The whole listing below must be printed again exactly, images excluded.

● **AVAILABLE DATA**:
=======
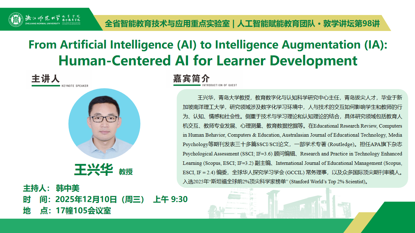 2025年12月10日(周三)上午9:30,青岛大学教授、教育数字化与认知科学研究中心主任、青岛拔尖人才、全球华人探究学习学会(GCCIL) 常务理事王兴华教授将于17幢105会议室,主讲全省智能教育技术与应用重点实验室、人工智能赋能教育团队系列讲座暨敦学讲坛第98讲《From Artificial Intelligence (AI) to Intelligence Augmentation (IA): Human-Centered AI for Learner Development》。主持人为韩中美副教授。
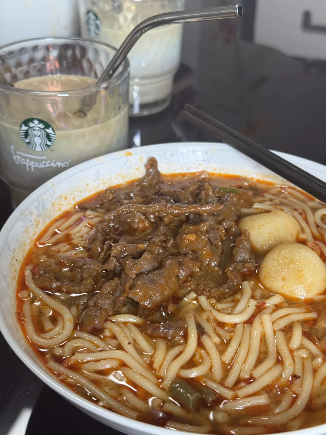爱上螺丝粉的早晨[偷笑R]今天是牛肉螺丝粉+鱼丸+炸蛋
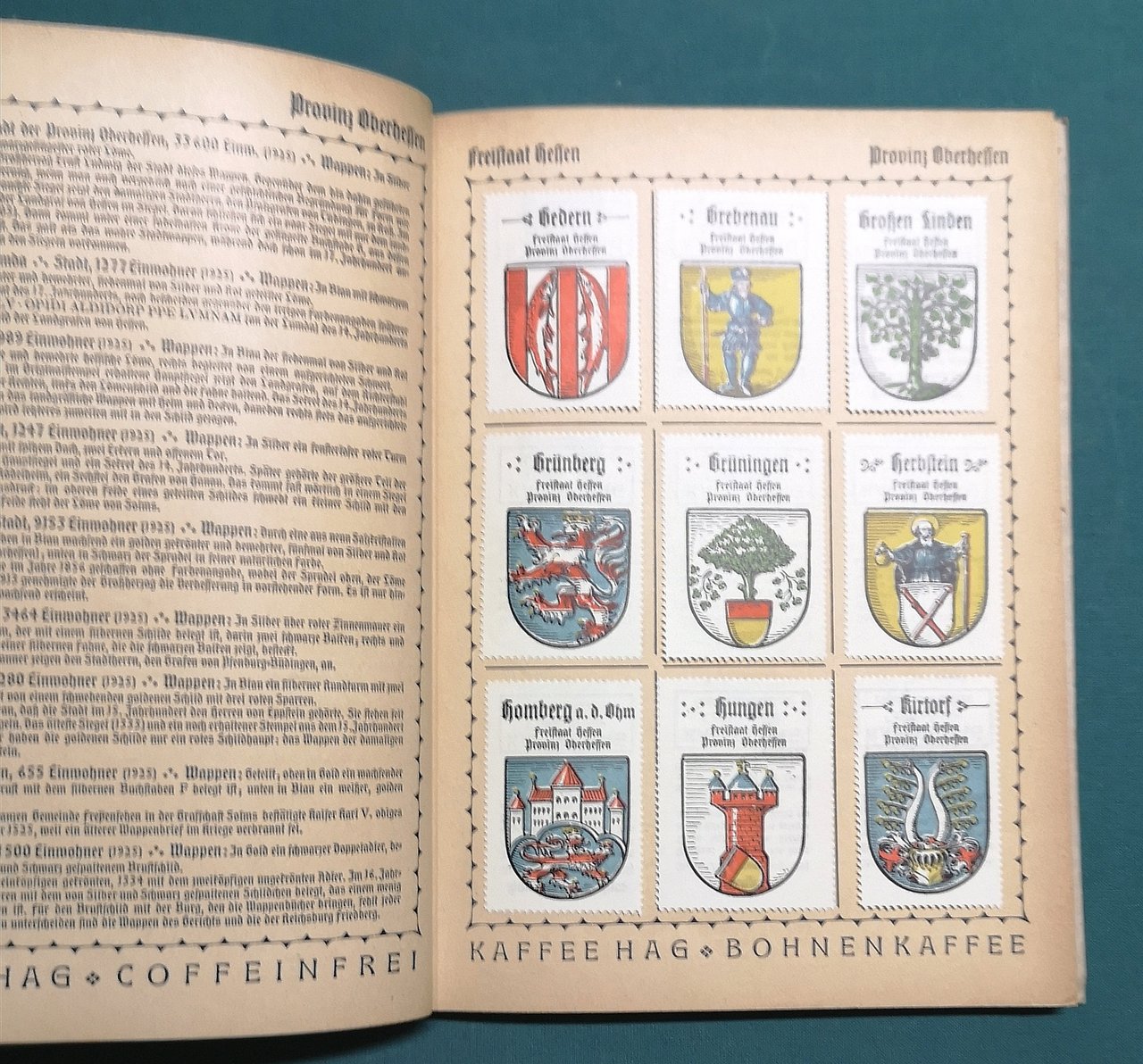 >in-8, 35 tavole in cartoncino, di cui 30 recano al recto 9 stemmi locali a colori applicati e 5 figurate al recto con grande stemma araldico della regione, testo al verso. Cartonato edit. figurato a colori, legatura a chiodi, astuccio in cartone rustico muto. Raccolta di 270 piccoli stemmi araldici cittadini a colori, con breve descrizione, le cifre della popolazione sono basate sull'anno 1925. Ottimo esemplare.
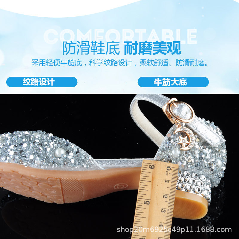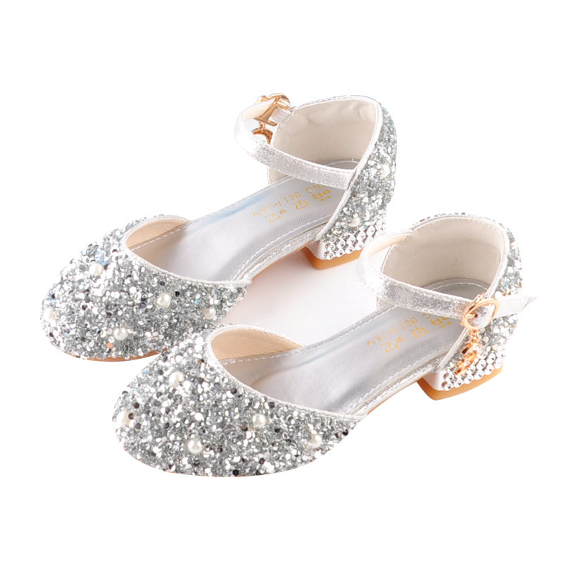 Детские кожаные туфли для девочек на высоком каблуке, серебристые с платьем, Большие Детские одиночные туфли, туфли для учеников начальной школы, хрустальные туфли, модель принцессы, подиум
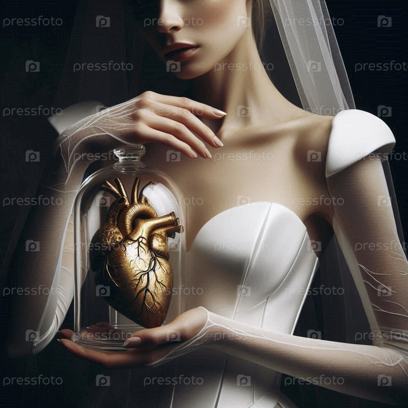 Невеста держит человеческое сердце в стеклянной колокольни как редкий образец, Ai generated image
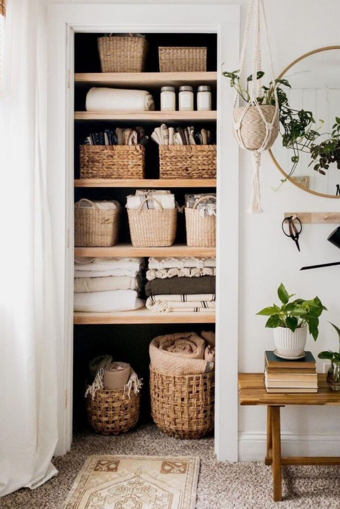 Make your closet feel warm and natural. Use lots of woven baskets and soft textiles.
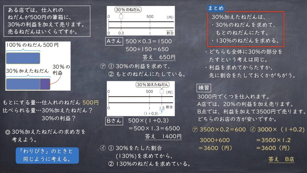 💭:割引や割増の場面で、ひかれる金額や加える金額、割合に🔍解決の仕方を🤔🗣️
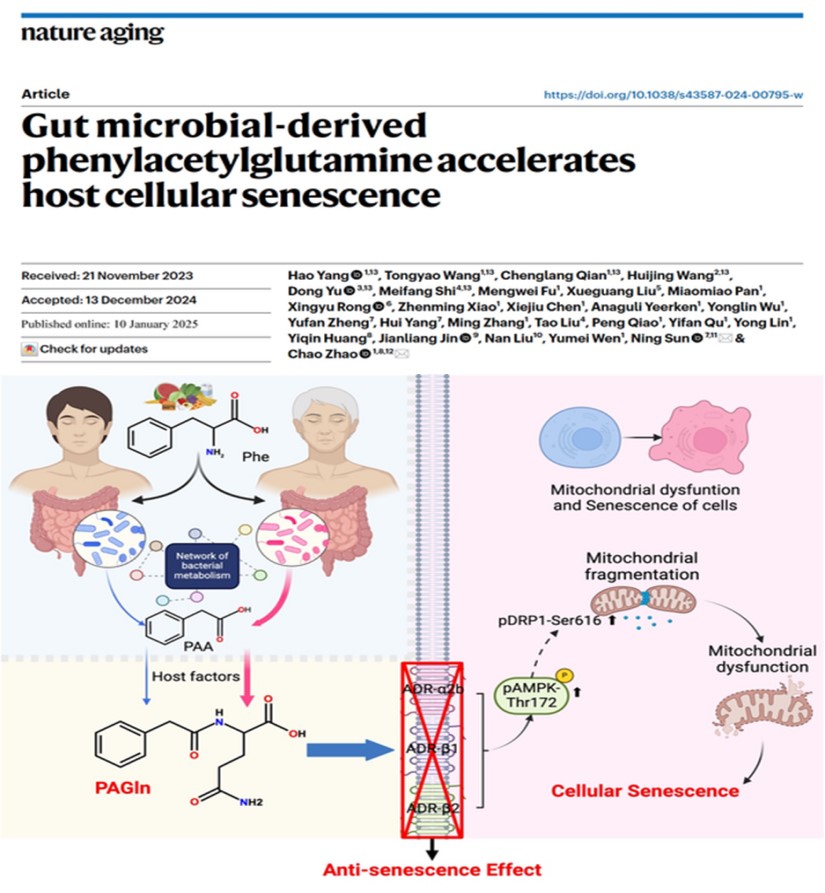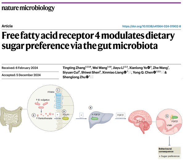 近期,在创新中心的支持下研究成果突出,创新中心马鑫教授团队在《Cell Metabolism》期刊上发表了题为“Targeting gut S. aureofaciens Tü117 serves as a new potential therapeutic intervention for the prevention and treatment of hypertension”的研究性论文,该研究揭示了金色链霉菌α脂霉素轴导致高血压,补充植物乳酸菌可显著改善临床高血压症状,该研究为改善高血压症状提供了新思路;创新中心孙宁教授团队在《Nature Aging》期刊上发表了题为“Gut microbial-derived phenylacetylglutamine accelerates host cellular senescence”的研究性论文,该研究揭示了肠道菌群来源代谢物苯乙酰谷氨酰胺加速宿主细胞衰老,阻断肾上腺素能受体以及衰老细胞裂解疗法在延缓苯乙酰谷氨酰胺诱导的宿主细胞衰老上的可行性,该研究为对抗衰老提供了新的思路和解决策略;创新中心朱升龙副教授/陈永泉教授团队在《Nature Microbiology》期刊上发表了题为“Free fatty acid receptor4 modulates dietary sugar preference via the gut microbiota”的研究性论文,该研究揭示了游离脂肪酸受体4(Ffar4)通过肠道微生物群调节膳食糖偏好,Ffar4组织特异性激动剂的开发可能是糖尿病预防的另一种方法;创新中心申延琴教授团队在《Brain Behavior and Immunity》期刊上发表了题为“Gut microbiota promote the propagation of pathologicα-syn from gut to brain in gut-originated Parkinson's disease model of mice”的研究性论文,该研究揭示了肠道菌群在肠起源帕金森病中的动态变化规律,首次证实肠道菌群(尤其是Dubosiella)是推动α-syn病理从肠到脑传播的关键因素。除此之外,创新中心庞庆丰教授、吴郁教授等团队发表高质量研究成果近10篇,授权发明专利多项。
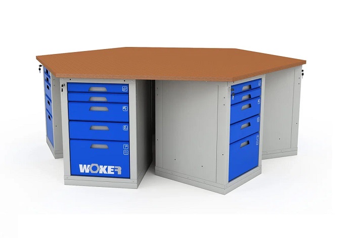 В комплектацию верстака входит: столешница Woker 2500, шесть тумб Woker 05. Столешница выполнена из шлифованной березовой многослойной фанеры толщиной 30 мм. Снаружи фанера обработана влагостойким антисептиком цвета "красное дерево", что придает фанере повышенную влагостойкость и более темный цвет.  Тумба Woker 05 комплектуется 5 выдвижными ящиками (2 высотой - 135 мм, 2 высотой - 65 и 1 высотой - 275 мм). Полезный размер ящика: (ШхГ) 459х612 мм. В ящиках есть противоскользящие коврики и набор наклеек с пиктограммами для маркировки содержимого.
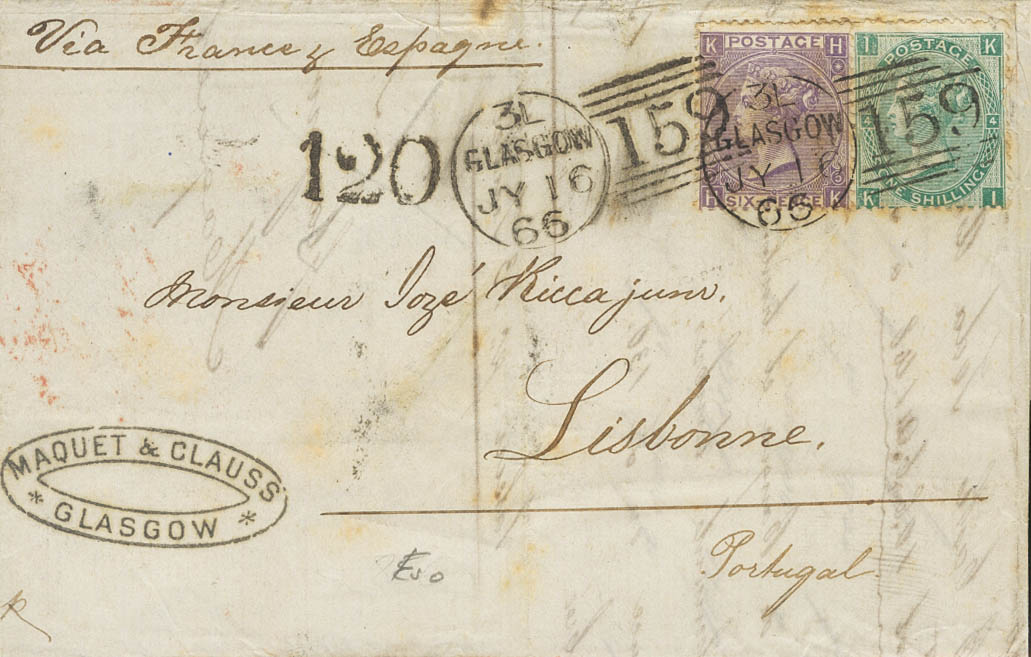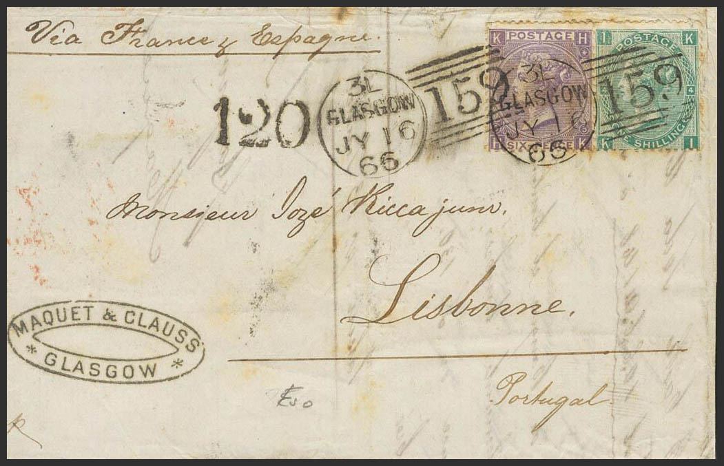 Yvert 29, 31. 1866. 6 p violeta Plancha 5 y 1 s verde Plancha 4. GLASGOW (ESCOCIA) a LISBOA (PORTUGAL). MAGNIFICA. (SG97, 101)
=======
● **EXPECTED ANSWER**:
 2025年12月10日(周三)上午9:30,青岛大学教授、教育数字化与认知科学研究中心主任、青岛拔尖人才、全球华人探究学习学会(GCCIL) 常务理事王兴华教授将于17幢105会议室,主讲全省智能教育技术与应用重点实验室、人工智能赋能教育团队系列讲座暨敦学讲坛第98讲《From Artificial Intelligence (AI) to Intelligence Augmentation (IA): Human-Centered AI for Learner Development》。主持人为韩中美副教授。
爱上螺丝粉的早晨[偷笑R]今天是牛肉螺丝粉+鱼丸+炸蛋
 >in-8, 35 tavole in cartoncino, di cui 30 recano al recto 9 stemmi locali a colori applicati e 5 figurate al recto con grande stemma araldico della regione, testo al verso. Cartonato edit. figurato a colori, legatura a chiodi, astuccio in cartone rustico muto. Raccolta di 270 piccoli stemmi araldici cittadini a colori, con breve descrizione, le cifre della popolazione sono basate sull'anno 1925. Ottimo esemplare.
 Детские кожаные туфли для девочек на высоком каблуке, серебристые с платьем, Большие Детские одиночные туфли, туфли для учеников начальной школы, хрустальные туфли, модель принцессы, подиум
 Невеста держит человеческое сердце в стеклянной колокольни как редкий образец, Ai generated image
 Make your closet feel warm and natural. Use lots of woven baskets and soft textiles.
 💭:割引や割増の場面で、ひかれる金額や加える金額、割合に🔍解決の仕方を🤔🗣️
 近期,在创新中心的支持下研究成果突出,创新中心马鑫教授团队在《Cell Metabolism》期刊上发表了题为“Targeting gut S. aureofaciens Tü117 serves as a new potential therapeutic intervention for the prevention and treatment of hypertension”的研究性论文,该研究揭示了金色链霉菌α脂霉素轴导致高血压,补充植物乳酸菌可显著改善临床高血压症状,该研究为改善高血压症状提供了新思路;创新中心孙宁教授团队在《Nature Aging》期刊上发表了题为“Gut microbial-derived phenylacetylglutamine accelerates host cellular senescence”的研究性论文,该研究揭示了肠道菌群来源代谢物苯乙酰谷氨酰胺加速宿主细胞衰老,阻断肾上腺素能受体以及衰老细胞裂解疗法在延缓苯乙酰谷氨酰胺诱导的宿主细胞衰老上的可行性,该研究为对抗衰老提供了新的思路和解决策略;创新中心朱升龙副教授/陈永泉教授团队在《Nature Microbiology》期刊上发表了题为“Free fatty acid receptor4 modulates dietary sugar preference via the gut microbiota”的研究性论文,该研究揭示了游离脂肪酸受体4(Ffar4)通过肠道微生物群调节膳食糖偏好,Ffar4组织特异性激动剂的开发可能是糖尿病预防的另一种方法;创新中心申延琴教授团队在《Brain Behavior and Immunity》期刊上发表了题为“Gut microbiota promote the propagation of pathologicα-syn from gut to brain in gut-originated Parkinson's disease model of mice”的研究性论文,该研究揭示了肠道菌群在肠起源帕金森病中的动态变化规律,首次证实肠道菌群(尤其是Dubosiella)是推动α-syn病理从肠到脑传播的关键因素。除此之外,创新中心庞庆丰教授、吴郁教授等团队发表高质量研究成果近10篇,授权发明专利多项。
 В комплектацию верстака входит: столешница Woker 2500, шесть тумб Woker 05. Столешница выполнена из шлифованной березовой многослойной фанеры толщиной 30 мм. Снаружи фанера обработана влагостойким антисептиком цвета "красное дерево", что придает фанере повышенную влагостойкость и более темный цвет.  Тумба Woker 05 комплектуется 5 выдвижными ящиками (2 высотой - 135 мм, 2 высотой - 65 и 1 высотой - 275 мм). Полезный размер ящика: (ШхГ) 459х612 мм. В ящиках есть противоскользящие коврики и набор наклеек с пиктограммами для маркировки содержимого.
 Yvert 29, 31. 1866. 6 p violeta Plancha 5 y 1 s verde Plancha 4. GLASGOW (ESCOCIA) a LISBOA (PORTUGAL). MAGNIFICA. (SG97, 101)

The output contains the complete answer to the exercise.